- Flag Coat of arms
- La Victoria Location in Spain
- Coordinates: 37°40′52″N 4°51′09″W﻿ / ﻿37.68111°N 4.85250°W
- Country: Spain
- Autonomous community: Andalusia
- Province: Córdoba
- Comarca: Valle Medio del Guadalquivir

Government
- • Mayor: José Abad Pino

Area
- • Total: 20 km^{2} (7.7 sq mi)
- Elevation: 228 m (748 ft)

Population (2025-01-01)
- • Total: 2,320
- • Density: 120/km^{2} (300/sq mi)
- Demonym: Victoreños
- Time zone: UTC+1 (CET)
- • Summer (DST): UTC+2 (CEST)
- Postal code: 14140
- Website: Official website

= La Victoria, Spain =

La Victoria is a municipality in the province of Córdoba, Spain. In the year 2011 its population was 2,336. It has an area of 20 km2 and a population density of 120/km^{2}. It is situated at an altitude of 262 m above sea level and is 29 km from the capital of the province, Córdoba.

== Demography ==

Number of inhabitants in municipality every year from 2001 to 2011.

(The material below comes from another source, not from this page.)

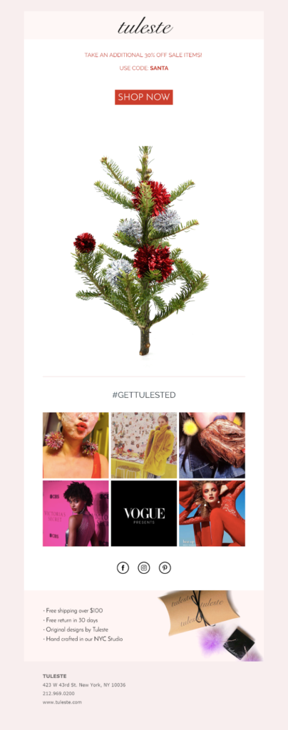 - Créez une campagne d'e-mails qui rend le concept immédiatement visible, quelque chose qui ressemble à « dernier appel, avec une remise supplémentaire et une livraison garantie avant le réveillon de Noël ».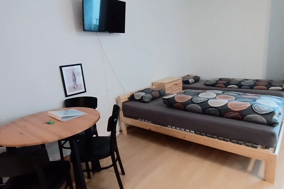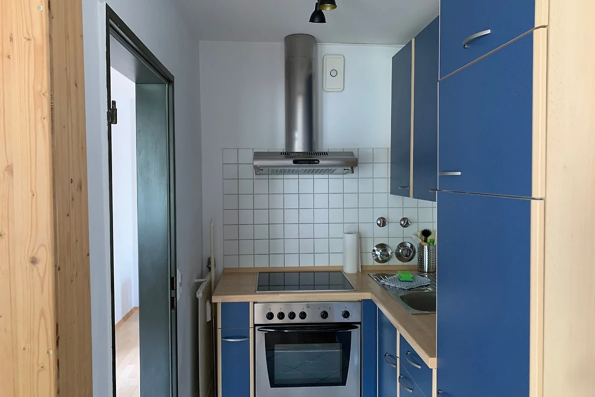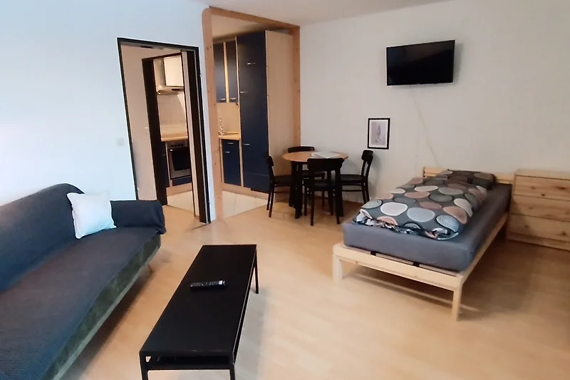 Die Wohnung befindet sich im 2. OG in einem Wohnblock am Ende einer Strasse - Sackgasse. Von hier aus erreichen Sie viele Orte bequem in wenigen Autominuten. Zur Messe und Flughafen Friedrichshafen sind es nur 10 Autominuten, sowie Markdorf, Meckenbeuren und Friedrichshafen. Vor dem Haus befindet sich ein grosser Parkplatz. Im Keller haben Sie die Möglichkeit Fahrräder unterzustellen. Die Wohnung verfügt über einen kombinierten Wohn-Schlafraum mit Balkon und ausgestattet mit zwei Einzelbetten, die zum Doppelbett gestellt werden können.

| 2001 | 2002 | 2003 | 2004 | 2005 | 2006 | 2007 | 2008 | 2009 | 2010 | 2011 |
|---|---|---|---|---|---|---|---|---|---|---|
| 1,762 | 1,748 | 1,749 | 1,809 | 1,822 | 1,882 | 1,981 | 2,132 | 2,197 | 2,178 | 2,336 |

== Art and monumental heritage ==

=== Patrimonio Histórico Andaluz (Historical Andalusian heritage) ===

La Victoria has many cultural buildings because of it there is declared historical Andalusian Heritage.

== Geography ==

La Victoria borders with: The Carlota, San Sebastian of the Archers and Cordova. And also this one divided in a sector: The First sector: Village Quintana.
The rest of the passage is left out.